This Spark module allows saving DataFrame as BigQuery table.
The project was inspired by spotify/spark-bigquery, but there are several differences and enhancements:
Use of the Structured Streaming API
Use within Pyspark
Saving via Decorators
Allow saving to partitioned tables
Easy integration with Databricks
Use of Standard SQL
Use Of Time-Ingested Partition Columns
Run Data Manipulation Language Queries DML
Update schemas on writes using the setSchemaUpdateOptions
JSON is used as an intermediate format instead of Avro. This allows having fields on different levels named the same:
{
"obj": {
"data": {
"data": {}
}
}
}
DataFrame's schema is automatically adapted to a legal one:
_
_1
, _2
, etc.)I created a container that launches zepplin with spark and the connector for ease of use and quick startup. You can find it here
<repositories>
<repository>
<id>oss-sonatype</id>
<name>oss-sonatype</name>
<url>https://oss.sonatype.org/content/repositories/releases/</url>
<snapshots>
<enabled>true</enabled>
</snapshots>
</repository>
</repositories>
<dependencies>
<dependency>
<groupId>com.github.samelamin</groupId>
<artifactId>spark-bigquery_${scala.binary.version}</artifactId>
<version>0.2.6</version>
</dependency>
</dependencies>
To use it in a local SBT console first add the package as a dependency then set up your project details
resolvers += Opts.resolver.sonatypeReleases
libraryDependencies += "com.github.samelamin" %% "spark-bigquery" % "0.2.6"
import com.samelamin.spark.bigquery._
// Set up GCP credentials
sqlContext.setGcpJsonKeyFile("<JSON_KEY_FILE>")
// Set up BigQuery project and bucket
sqlContext.setBigQueryProjectId("<BILLING_PROJECT>")
sqlContext.setBigQueryGcsBucket("<GCS_BUCKET>")
// Set up BigQuery dataset location, default is US
sqlContext.setBigQueryDatasetLocation("<DATASET_LOCATION>")
S3,Blob Storage or HDFS are the defacto technology for storage in the cloud, this package allows you to stream any data added to a Big Query Table of your choice
import com.samelamin.spark.bigquery._
val df = spark.readStream.json("s3a://bucket")
df.writeStream
.option("checkpointLocation", "s3a://checkpoint/dir")
.option("tableReferenceSink","my-project:my_dataset.my_table")

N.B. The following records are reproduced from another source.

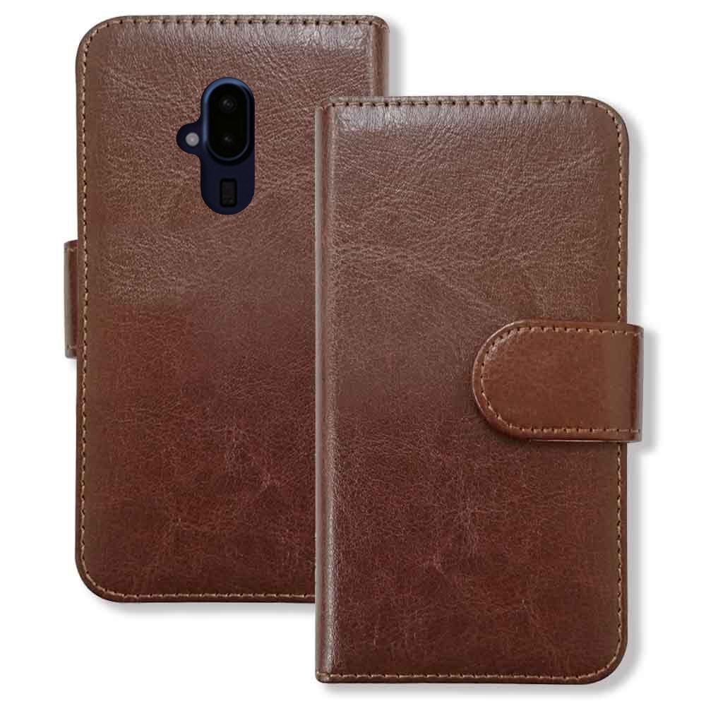 らくらくスマートフォン F-52B スマホケース(手帳ブラウン)手帳型 PUレザー 無地 ケース ダイアリータイプ 横開き カード収納 カバー
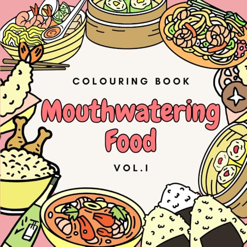 Cute Asian Food Colouring Book, Featuring Japanese, Chinese, Thai Cuisine and More, Simple and Easy Illustration for Relaxation, Stress Relief, For ... and Teens, 8.5” x 8.5” with a Surprise Recipe
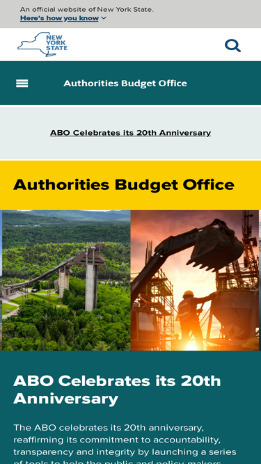 91%new york state authorities budget office (abo) home page. a one-of-a-kind office that provides expert public authority oversight, technical assistance and information including: policy guidance, best practices, data analysis, compliance reviews, operational reviews, governance reviews, audits, annual reports, budget reports, board member training and enforcement actions taken by the abo
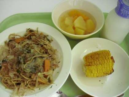 <献立>ソース焼きそば、牛乳、焼きトウモロコシ、フルーツポンチ
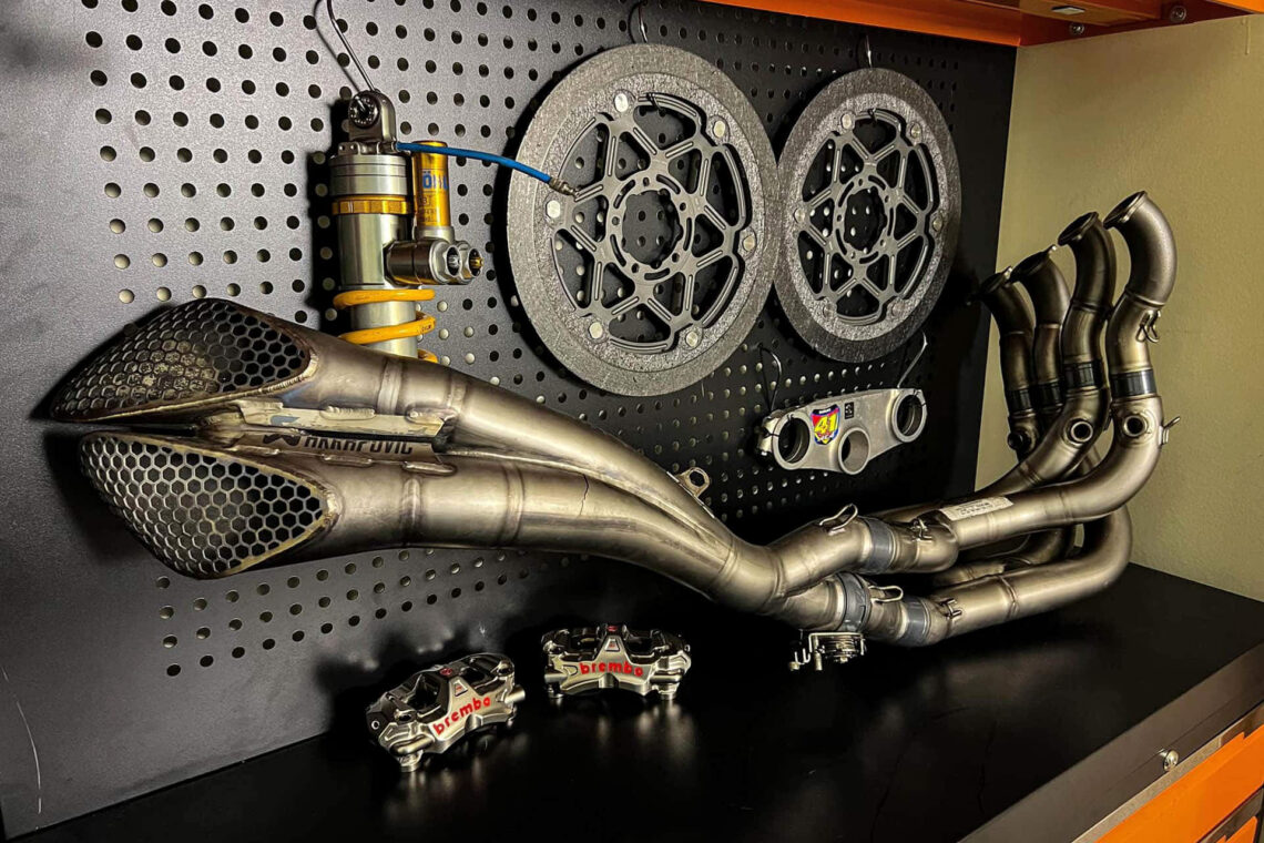 Curioso el caso de esta venta, que nos indica a pensar que se trata de alguna moto de test que se haya desechado y, este vendedor, de alguna forma u otra, haya logrado hacerse con estos descartes, ya que tiene más de un sistema de escape por ejemplo, o un sistema de batería de mariposas-aceleradores de Suzuki GSX-RR, además de componentes como decimos del Mundial de Superbike.
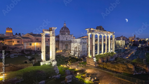 © Francesco🇮🇹 Todaro, Naklejka premium Roman Forum by night with moon - Rome
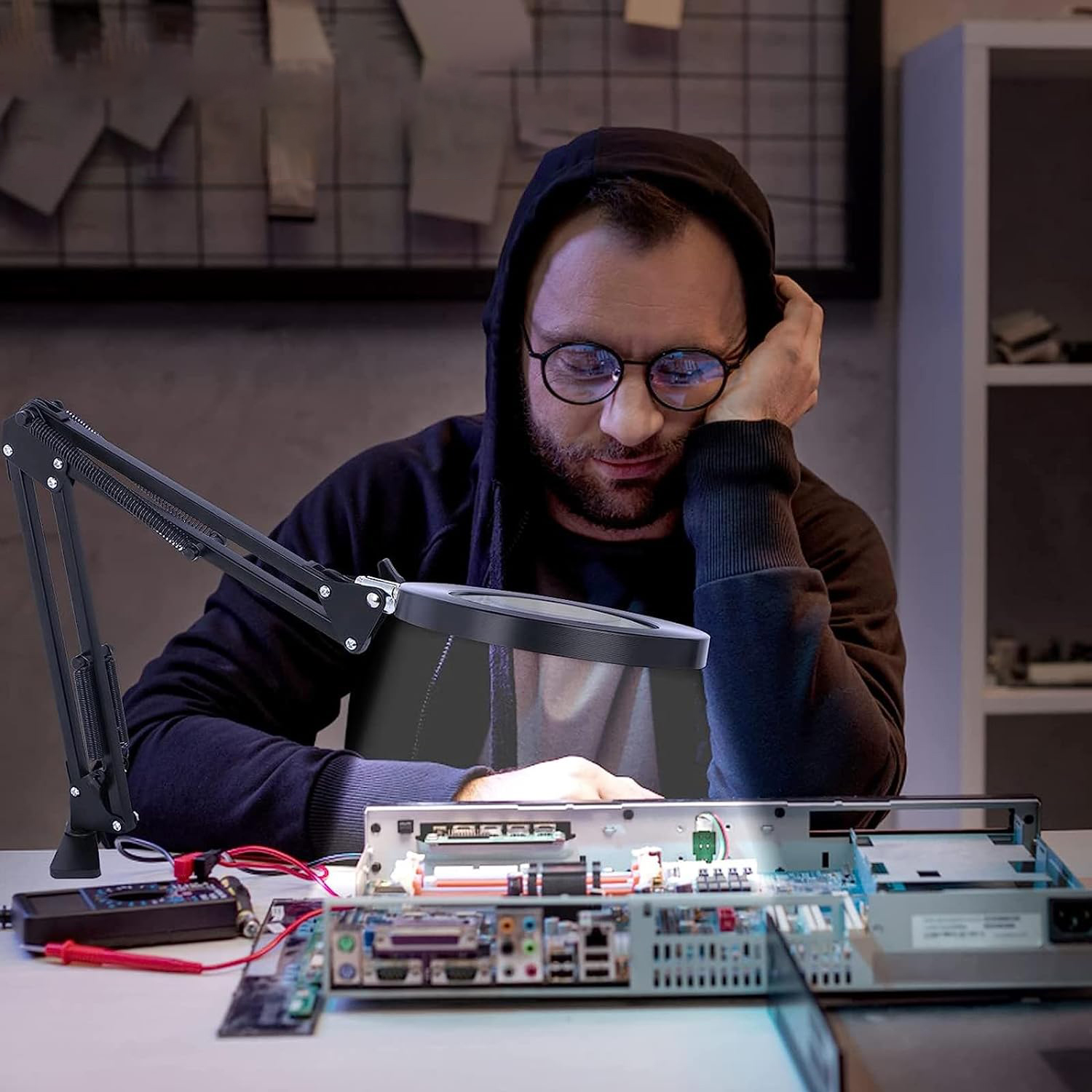 Настольная лампа с увеличительным стеклом оснащена 72 яркими светодиодами и 3 цветными режимами: прохладный свет, теплый свет и смешанный свет. Каждый режим освещения имеет 10 уровней затемнения, которые можно отрегулировать в зависимости от ваших потребностей.
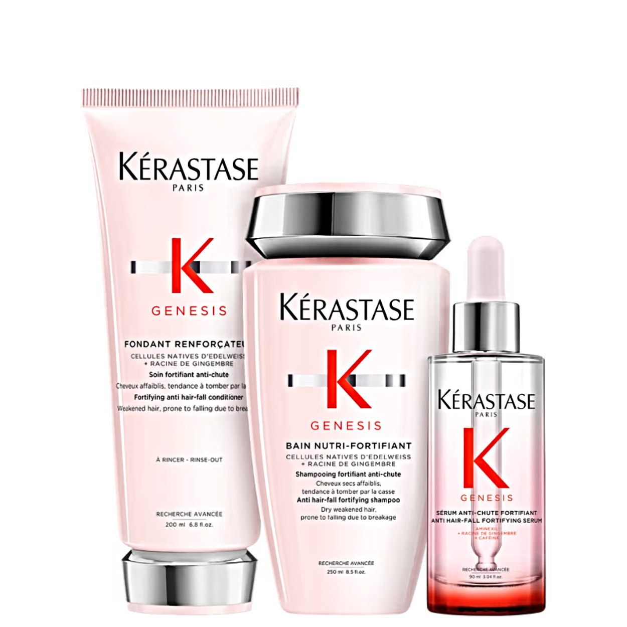 Kit Kérastase Genesis Nutri Fortifiant Shampoo 250ml+ Genesis Fondant Renforçateur Condicionador 200ml+ Anti- Chute Fortifiant Sérum Capilar 90ml
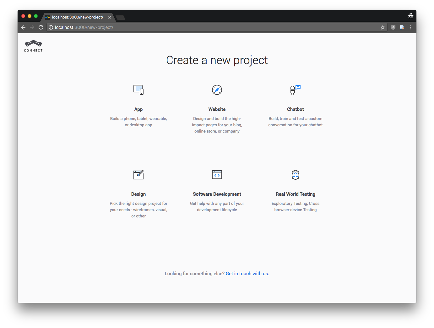 This is a new case for deep links only. The "Create a new project" should redirect to main screen if we don't have a request for a specific project creation form.

.format("com.samelamin.spark.bigquery")
.start()
You can use this connector to stream from a BigQuery Table. The connector uses a Timestamped column to get offsets.
import com.samelamin.spark.bigquery._
val df = spark
.readStream
.option("tableReferenceSource","my-project:my_dataset.my_table")
.format("com.samelamin.spark.bigquery")
.load()
You can also specify a custom timestamp column:
import com.samelamin.spark.bigquery._
sqlContext.setBQTableTimestampColumn("column_name")
You can also specify a custom Time Ingested Partition column:
import com.samelamin.spark.bigquery._
sqlContext.setBQTimePartitioningField("column_name")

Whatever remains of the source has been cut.